Cybersecurity researchers have discovered a number of suspicious packages published in the npm registry that are designed to harvest Ethereum private keys and gain remote machine access via the Secure Shell (SSH) protocol.
The packages attempt to “gain SSH access to the victim’s machine by writing the attacker’s SSH public key to the root user’s authorized_keys file,” software security company Phylum said. said in an analysis published last week.
List of packages whose purpose is to pretend to be legitimate a packet of ethersdefined as part of the company, listed as follows –
Some of these packages, most of which were published by the accounts “crstianokavic” and “timyorks”, are believed to have been released for testing purposes, as most of them make minimal changes. The last and most comprehensive package on the list is ethers-mew.
This is not the first time that fake packages with similar functionality have been discovered in the npm registry. In August 2023 Phylum in detail a package called ethereum-cryptography, a typosquat of a popular cryptocurrency library that stole users’ private keys on a server in China, introducing a malicious dependency.

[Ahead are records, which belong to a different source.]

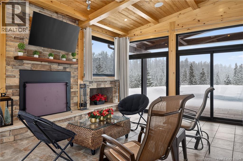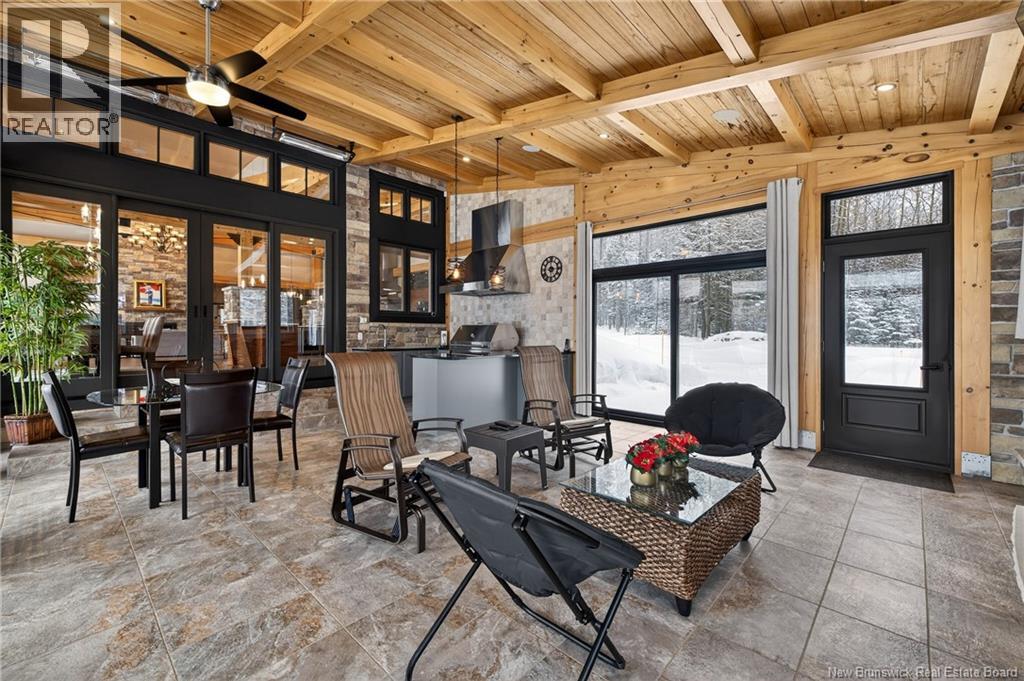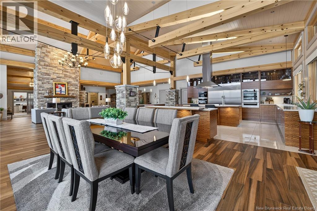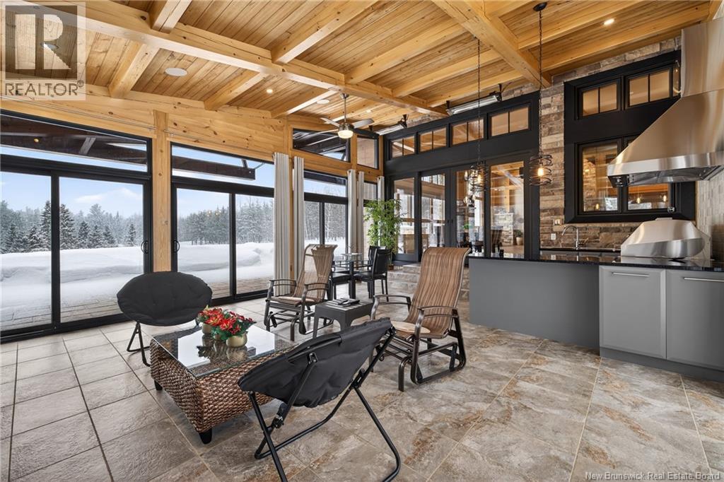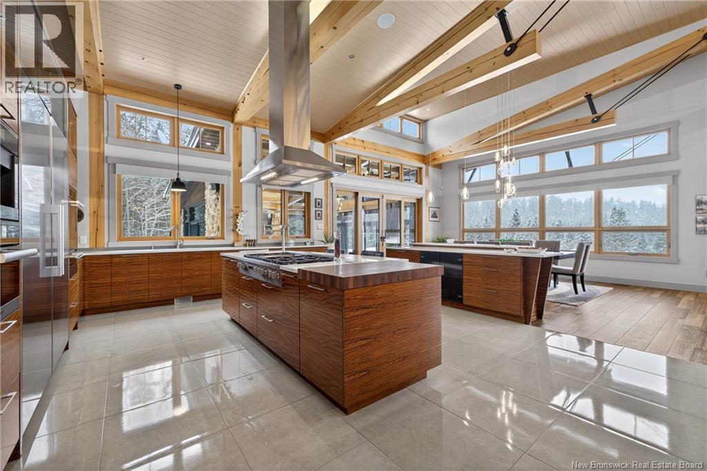 Implantée sur 20 acres boisés, cette résidence dexception offre une intimité remarquable et une tranquillité rare. Construction timber frame avec plafond cathédrale denviron 23 pieds et poutres massives, créant un espace chaleureux et convivial, idéal pour recevoir. Laire ouverte réunit cuisine, salle à manger et salon autour dun mur accent en pierre et dun foyer central, tandis que trois foyers au total ajoutent confort et ambiance enveloppante durant lhiver. Cuisine haut de gamme avec armoires sur mesure en bois massif Mozambique, trois îlots généreux, comptoirs en quartz, butcher block intégré et électroménagers Miele et Marvel. Deux suites complètes avec salles de bain privées incluant bain autoportant et douche vitrée indépendante. Bureau spacieux pour le télétravail et salle de cinéma maison pour se détendre pleinement. Véranda quatre saisons idéale pour recevoir autour du barbecue intégré et partager des moments privilégiés. Planchers chauffants dans toute la résidence, système domotique Control4, stores motorisés, caméras, fibre optique, génératrice 22 kW au propane et service électrique 400 AMP. Garage triple attaché et garage double détaché complètent ce domaine rare où confort, technologie et qualité de vie sunissent. (29539908)
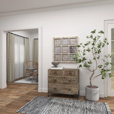 - •This large metal wall art piece adds the antique aesthetic design you’re looking for with the juxtaposition of distressed, chipped-paint wood against cool metal with a rust-look finish
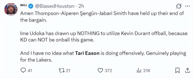 火箭记者Bradeaux:求求乌度卡,让塔里-伊科回替补席去吧。
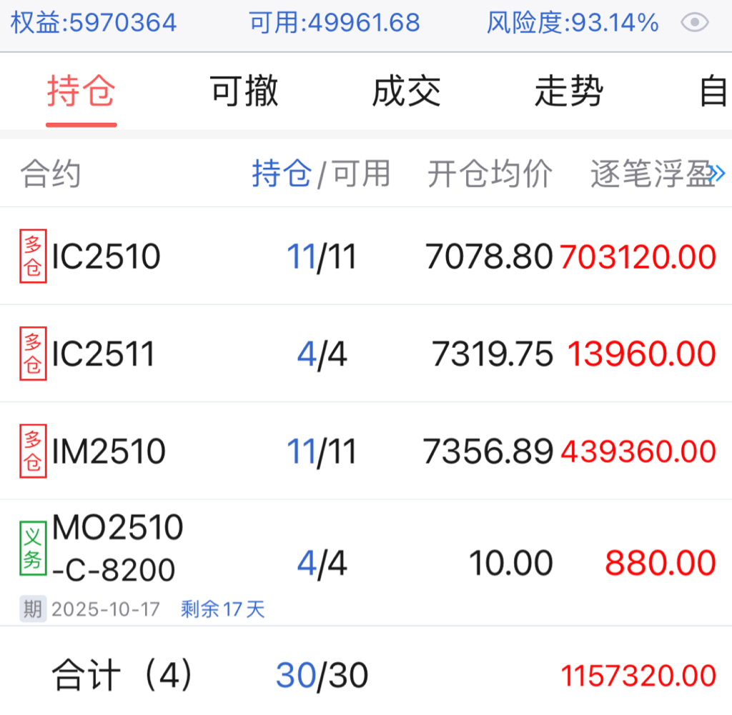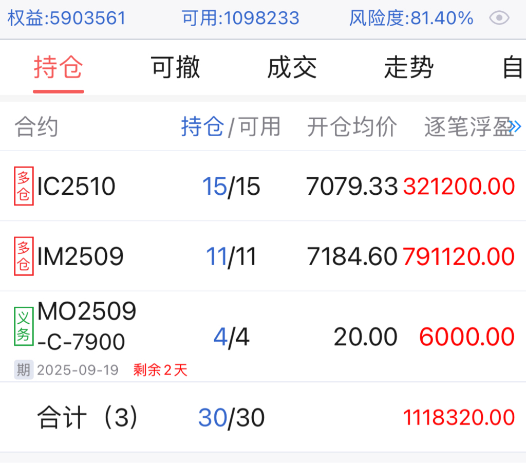 没有5000万以上资产,你也不敢开这么多多仓啊,有钱人。
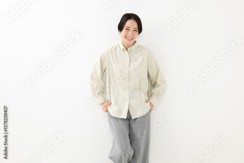 カメラ目線で立つミドル女性
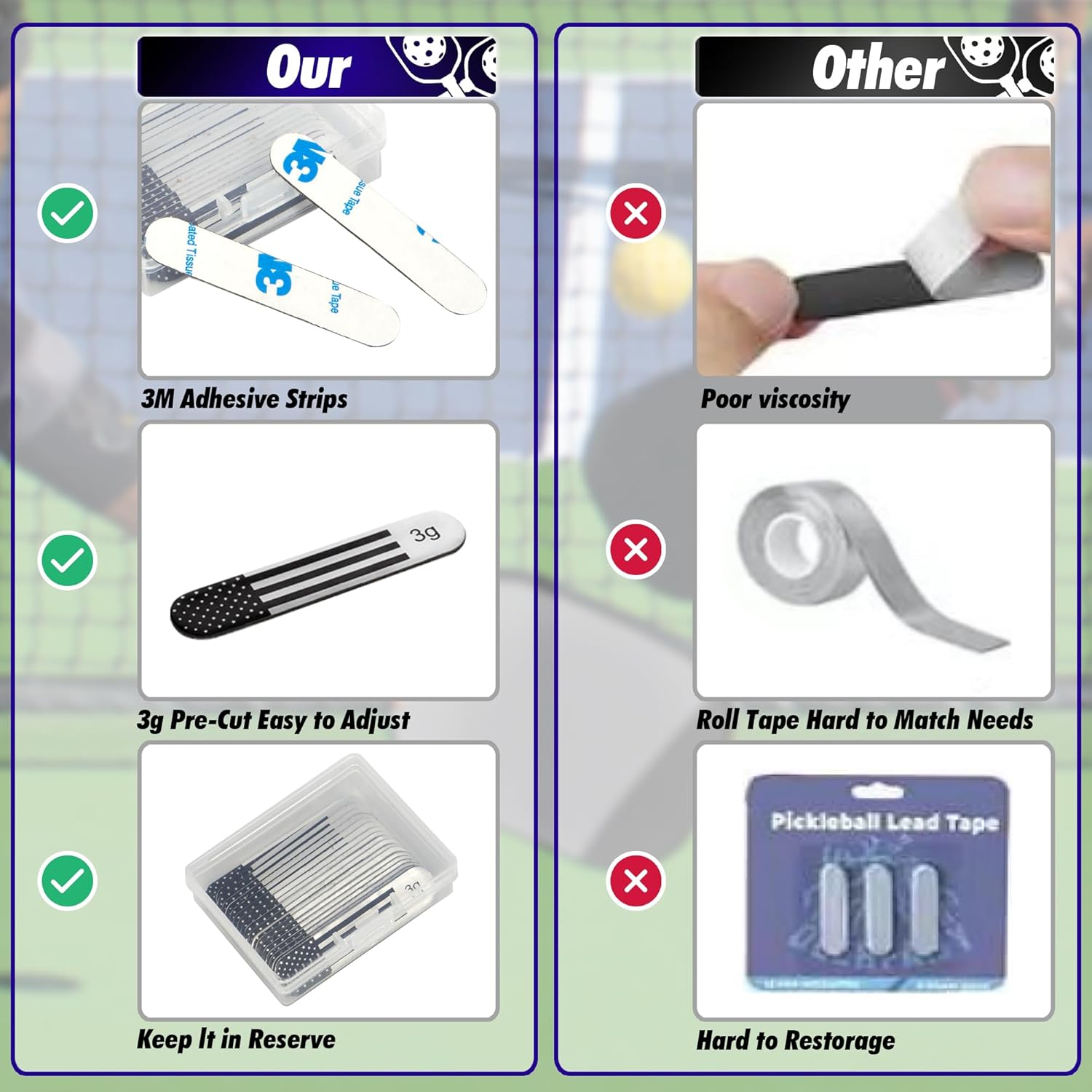 - 【Premium Lead Tape】 You will receive a box containing 20 pieces of lead tape for pickleball. Each piece weighs 3g/0.1oz. Our advanced adhesive technology ensures that the lead tape securely attaches to any position on the paddle, providing maximum stability even during intense competitions.
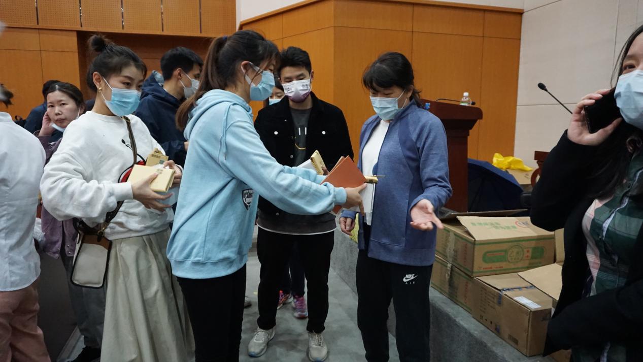 大学生创新创业团队“地心引力”的十几名成员在核酸检测即将结束之际,给北区及东区的医护人员和志愿者、保安师傅们送上地大同学们手写的感恩贺卡、100余套的地大特色文创产品以及奶茶饮品,向他们表达了一份敬意和感激。在天气湿热和风雨交加的天气环境下,地心引力团队希望这个小举动能让他们感受到地大学子的温暖和情怀。
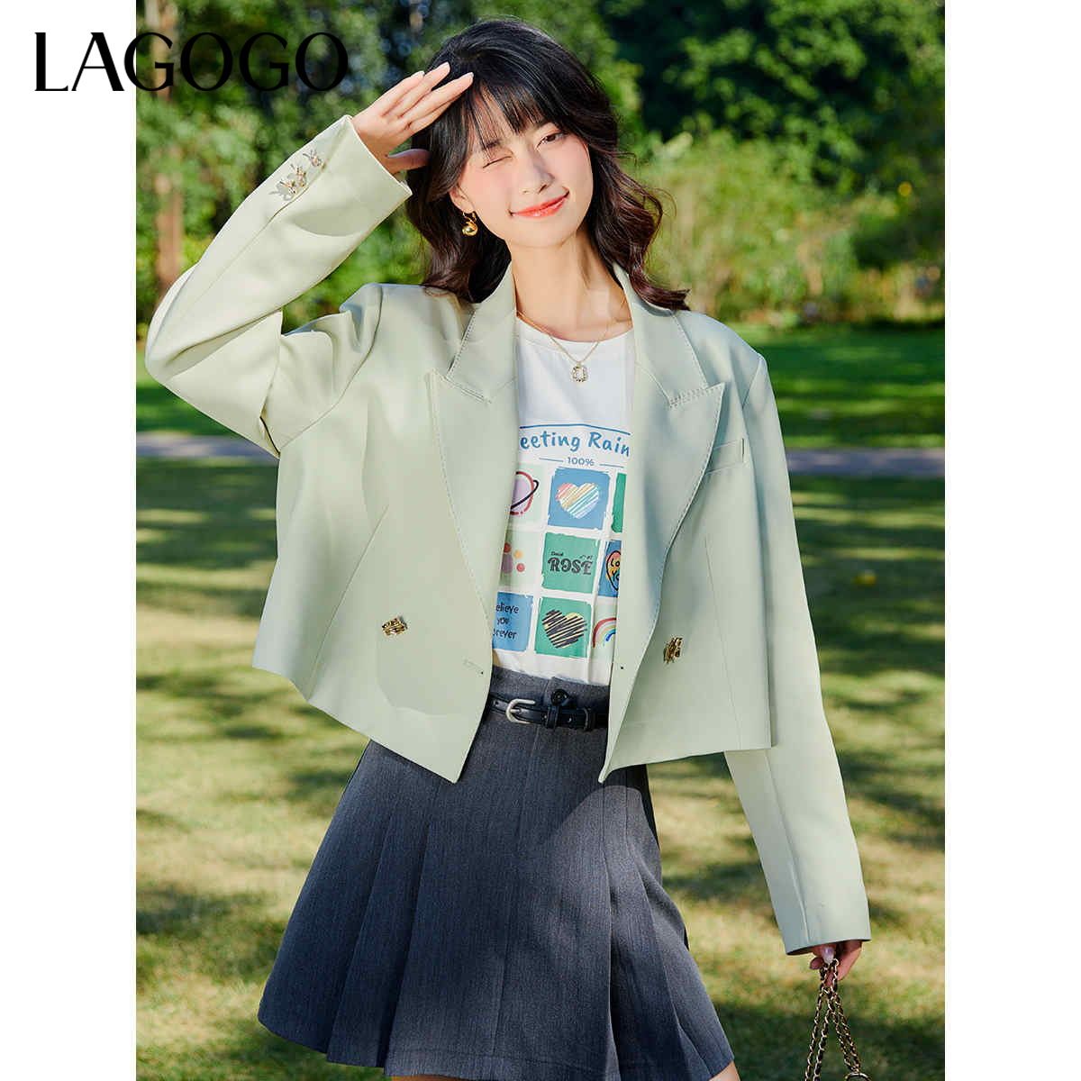 通勤男女秋季 拼色刺绣混纺西装 西服外套 陈伟霆同款 canotwait
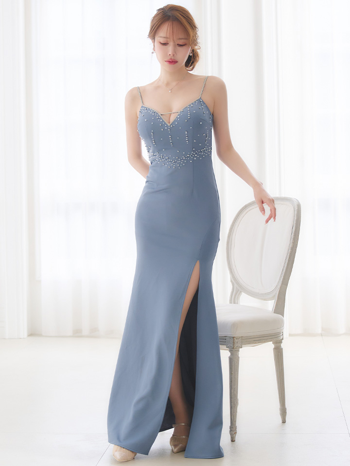 ウエストに入ったビジューラインがくびれを綺麗に強調し、歩くたびに気品と色気が漂う仕上がり。
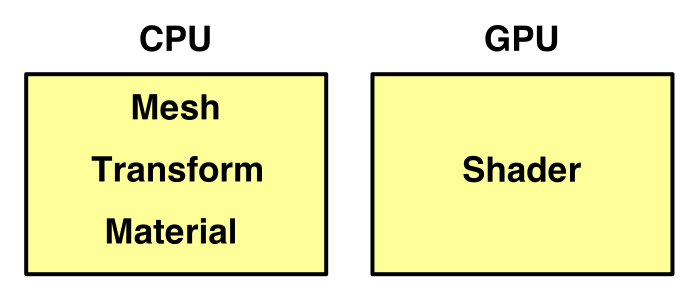 Transform컴포넌트는 메쉬와 바운딩 박스의 위치, 방향, 크기를 변경하는 데 사용됩니다. 실제로는 1부의 행렬 파트에서 설명된 대로 전체 트랜스폼 계층 구조가 사용됩니다. 오브젝트가 카메라의 시야에 들어오면 렌더링이 예약됩니다. 마지막으로 GPU는 오브젝트의 메시를 렌더링하는 작업을 수행합니다. 구체적인 렌더링 지침은 오브젝트의 메터리얼에 의해 정의됩니다. 메터리얼은 GPU 프로그램인 셰이더와 셰이더에 있는 모든 설정을 참조합니다.

The latest attack campaign takes a slightly different approach by embedding malicious code directly into packets, allowing threat actors to transfer Ethereum private keys to an “ether-sign(.)com” domain they control.
What makes this attack much more insidious is the fact that it requires the developer to actually use the package in their code – for example, creating a new instance of Wallet using the imported package – as opposed to the commonly observed cases of simply installing the package to run execution of malicious programs.
Additionally, the ethers-mew package has the ability to modify the “/root/.ssh/authorized_keys” file to add an SSH key belonging to the attacker and grant them permanent remote access to the compromised host.
“All of these packages, along with the authors’ accounts, were only active for a very short period of time, apparently removed and deleted by the authors themselves,” Fillum said.